SCO Says Email Is Inaccurate
daria42 writes "The SCO Group has slammed as 'inaccurate' suggestions that an e-mail from one of its own engineers showed Linux did not contain copyright Unix code, and even forwarded its own historical memo to journalists in an attempt to discredit the e-mail published on Groklaw." From the article: "This memo shows that Mr. Davidson's e-mail is referring to an investigation limited to literal copying, which is not the standard for copyright violations, and which can be avoided by deliberate obfuscation, as the memo itself points out..." We reported on the email yesterday.
Anybody else getting the feeling that these guys are just trying to stay out of jail now?
I smell a shareholder lawsuit, an SEC investigation, and hopefully, a Sarbanes-Oxley smackdown of such grand proportions as to make Bernie Ebbers look like a slap on the wrist.
-paul
Pistol caliber is like religion: everyone has their favourite, and theirs is the only right choice.
Not only that, but they are claiming that a 1999 investigation proves wrong the one performed on 2002.
Also, later on they claim that 'SCO also pointed out its legal wrangling with IBM dealt with more recent versions of the Linux code than were mentioned in the memo'. Are they saying the more recent version was available on 1999, but not in 2002?
Life isn't like a box of chocolates. It's more like a jar of jalapenos. What you do today, might burn your ass tomorrow.
I'm not a GNU fanboy, but the GPL works wonderfully.
You see, SCO shipped Linux for years. They did so, knowingly, under the GPL. The GPL was their license.
They claimed that they stopped shipping Linux as soon as they could when they realized that IBM was "dumping UNIX code into Linux". That's hogwash, but that's not my point.

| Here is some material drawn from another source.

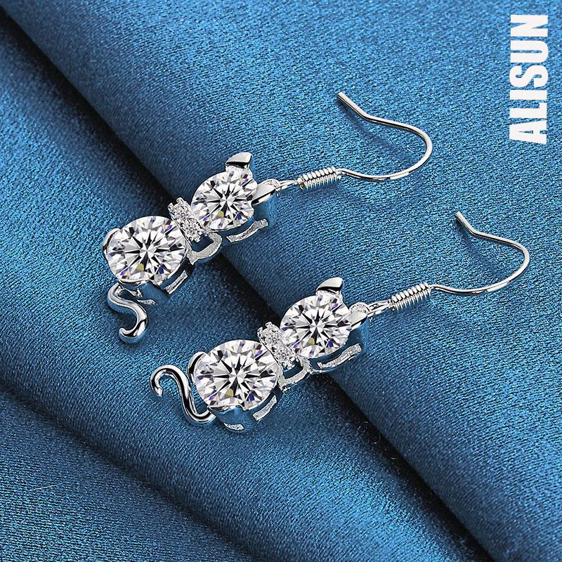 Серьги-подвески для пирсинга Cat AAA из стерлингового серебра 925 пробы с цирконием, модные свадебные украшения

The point is that now, when they claim there were pre-IBM copyright violations, they are caught by the GPL. They shipped all that code included in Linux and other supporting programs under the GPL.
If they believed there was SCO code hidden in Linux, shipping under the GPL means they approved of it.
sigs, as if you care.
this memo clearly shows that SCO executives knew that there was no litteral copying in GNU/Linux, they then went out and made statements that they new were demonstrably false, i.e. Daryl's Line by Line copying comment. It is now very clear that SCO executives should at least be charged with fraud.
Did Glenn Beck rape and kill a girl in 1990? gb1990.com
If SCO does end up prevailing at all in this circus, then I predict that someday musical instument makers, like say for example, Stienway Pianos, will claim that because you used one of their pianos to compose a song, then that song is automatically a "derivative work" of their I.P. and therefore you must pay license royalties back to them. Ditto for public performances played on the instruments. A portion of each concert ticket sold must be paid back to them, and free public performances would be outlawed because that would be "stealing potential revenue" from them.
Someday, you will have to agree to a usage rights control contract for everything you buy.
Somebody will patent some kind of registration system to track all kinds of usages of all these products and you're be required to be a member of that before you'll even be able permitted to purchase anything at all, and you'll actually not be purchaing anything, but rather leasing the temporary usage rights for a short term.